Section 5 deals with matrices, which are two dimensional vectors. They can also contain any type of data, and are created by calling "matrix":
>M1<- matrix(0,4,3)
> M2<-matrix(1:12,4,3)
> M3<-matrix(1:12,4,3,byrow=TRUE)
> M1
> M2
> M3
> M2 * M3
Note that the multiplication is element wise. "t()" transposes a matrix and "crossprod()" or "%*%" do matrix mupltipication:
> M2 %*% t(M3)
9: Programming elements. Loops and conditions are essential to do any complex calculations. This chapter covers them in detail – here we just get an overview. "if" is essential and works like this:
if(<condition>) {<do something>
}else if(<condition2>) {<do something else>
}else <do something else again>
The "{" and "}" brackets are to control what gets executed where, and aren't needed unless its ambiguous. The else if and else are obviously not needed either. ";" can be used to separate statements.
> a<-4; b<-5
> if( a>b) print("a is the biggest!") else print("no, b is!")

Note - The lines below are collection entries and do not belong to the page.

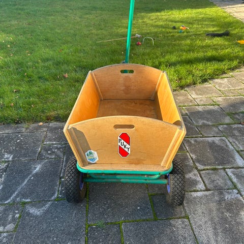 Foldbar trækvogn som fylder minimalt ved opbevaring. Plasthjul. Mål, samlet: 78 x 54 x 19 cm.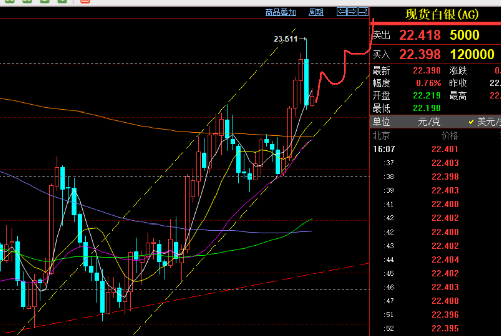 第二,白银方面:同样的,欧美盘大幅的掉头向下,破掉了上行通道关键支撑22.77一线;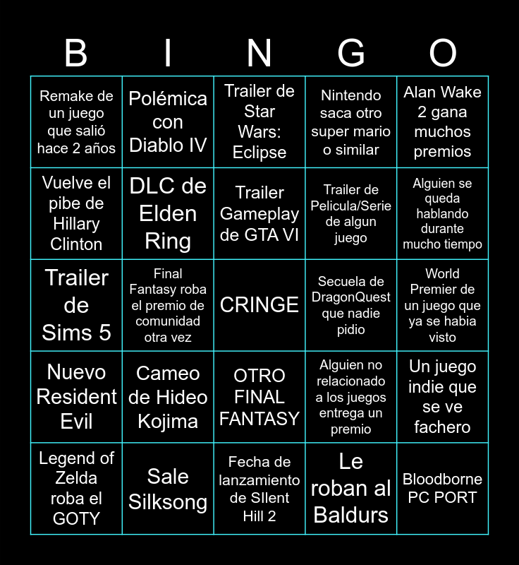 This bingo card has a free space and 24 words: Cameo de Hideo Kojima, Sale Silksong, Trailer Gameplay de GTA VI, Legend of Zelda roba el GOTY, Alan Wake 2 gana muchos premios, Remake de un juego que salió hace 2 años, Vuelve el pibe de Hillary Clinton, Polémica con Diablo IV, Secuela de DragonQuest que nadie pidio, OTRO FINAL FANTASY, Trailer de Pelicula/Serie de algun juego, Trailer de Sims 5, Alguien no relacionado a los juegos entrega un premio, Un juego indie que se ve fachero, DLC de Elden Ring, Le roban al Baldurs, World Premier de un juego que ya se habia visto, Trailer de Star Wars: Eclipse, Alguien se queda hablando durante mucho tiempo, Final Fantasy roba el premio de comunidad otra vez, Bloodborne PC PORT, Nuevo Resident Evil, Nintendo saca otro super mario o similar and Fecha de lanzamiento de SIlent Hill 2.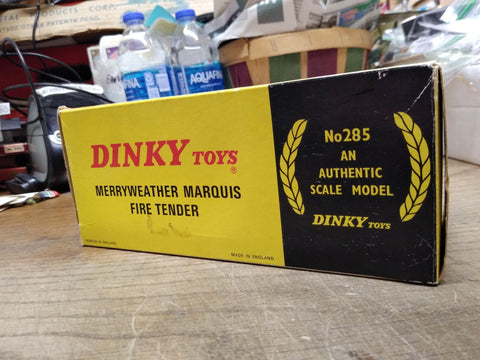 This is a Vintage Meccano Dinky Toys Diecast 285 Merryweather Marquis Fire Tender Truck with Water Pump, Instructions, and Original Box and in Very Good Condition! *** The pictures are a substantial part of the description so please examine all the photos and contact me if you have any questions. We will be happy to save you shipping costs by picking this up at our shop. Thank You 120624- RK-03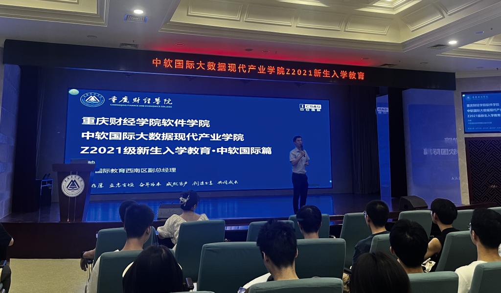 为帮助2021级专升本新生深入了解行业发展前景准确把握行业岗位需求增强专业学习自信度9月14日,我校中软国际大数据现代产业学院开展专升本新生入学教育专题讲座,中软国际教育西南区域副总经理朱映、软件学院副院长夏祥礼、党总支副书记刘有沛、院长助理况书梅专升本辅导员参加
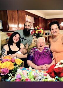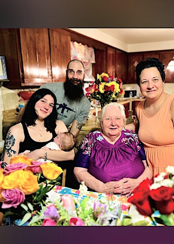Five generations of Freya Wagner’s family include (from left): Nevaeh Brubaker of Altoona, mother, holding Freya Wagner, 4 months old; Justin Brubaker of Cresson, grandfather; Mary Zeak, 92, of Hollidaysburg, great-great-grandmother; and Donna Zeak of Altoona, great-grandmother.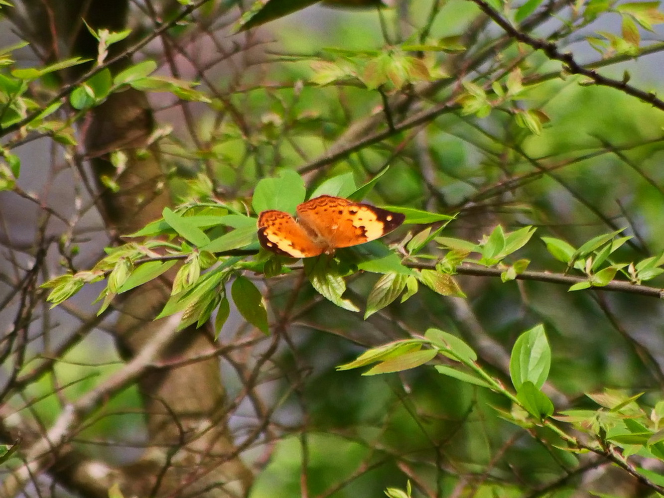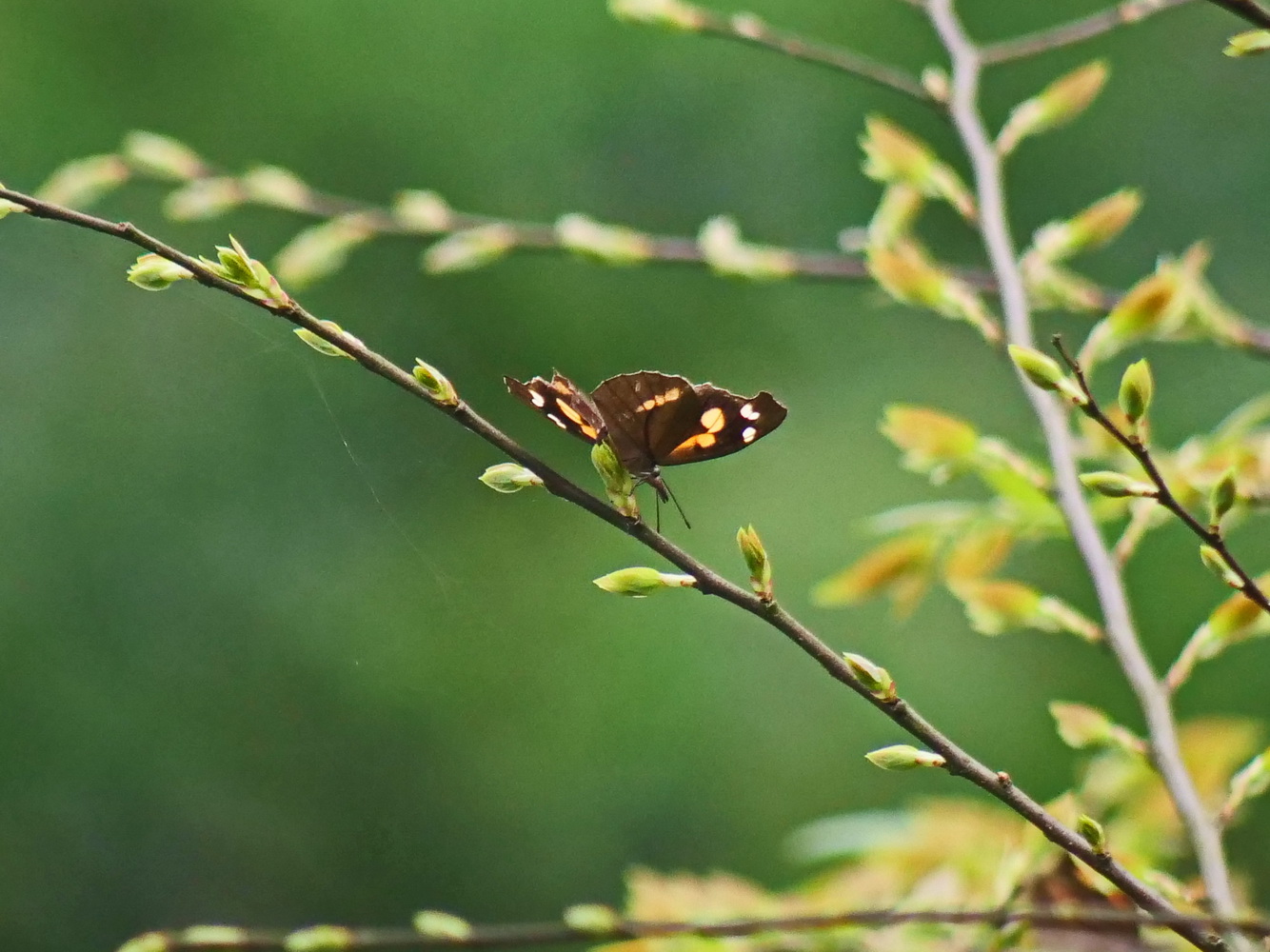 紅星斑蛺蝶(紅斑脈蛺蝶)在朴樹葉上產卵

Loops are also extremely useful, although discouraged in R with preference for function based approaches "apply", "sapply" and others – briefly discussed below. Still, you can do things more easily with loops - "for" and "while" are the most common:
> for(i in 1:10) print(i)
> n<-0
> while(n<10) {print(n);n<-n+2}
10. Functions. Writing your own functions is a very powerful feature of R. They are defined as
function_name <- function(<arguments>) { <function code>)
for example:
> add_two <-function(x){return(x+2)}
> add_two(1:10)
The value returned is given in the "return" function, or it is the last result obtained in the function:
> my_poly <- function(x){x^2 + x}
> my_poly(0:10)
10.3. Named arguments and defaults is worth a read at some point.
Session Management
Sessions can be saved by quitting, asking R to save a session, and loading again:
> chips # this gives an error since we have no chips :(
> chips <- TRUE
> q() # Select "y" when asked to save the state
Load R again, it will autoload the state
> chips # returns TRUE
> ls() # lists all the objects from before.
Specific objects can be saved using "save" and loaded with "load". An example:
> save(chips,file="myRsave.RData") # saves the object "chips"
> rm(list = ls()) # removes ALL objects!
> chips # Error again
> load(file="myRsave.RData")
> chips # true again now.
Plotting
Plotting is really easy to get started with, though difficult to understand fully because the details can be complex. To plot "scatterplot" or line style, "plot(x,y)" is enough. Most objects that you'd want to plot have their own special version of plot. Using the in built vector dataset "islands", a histogram is plotted by:
> plot(hist(islands))
(See what this plotted by:
> islands
)
There are many graphical options to make pretty graphs. see "?par" and "?plot" for full details. Some examples are:
> x <- seq(0,10,by=0.1)
> plot(x,exp(x),xlab="X label", ylab="Y label", main="Main title",type="l") # Line graph
> plot(x,exp(x),xlab="X label", ylab="Y label",log="y") # logarithmic y axis
Random numbers and distributions
"
There is way too much here for now, but everything you might want is available. See 8. Probability Distributions in the reference. The problem sheets take you through "sample" and in Sheet 4 you use distributions. As a start, the uniform distribution is *unif, the normal is *norm, and the binomial is *binom, where * is r for random numbers, p for the probability distribution, etc: see for example
> ?runif.
> runif(20,0,5) # Uniform distribution between 0 and 5
> rbinom(20,10,0.1) # binomial distribution, size parameter 10 and probability 1
> x<-1:10
> plot(x,dbinom(x,10,0.1))
Other sections particularly worth looking over are 1.10 Commands in a script, 7. Reading data.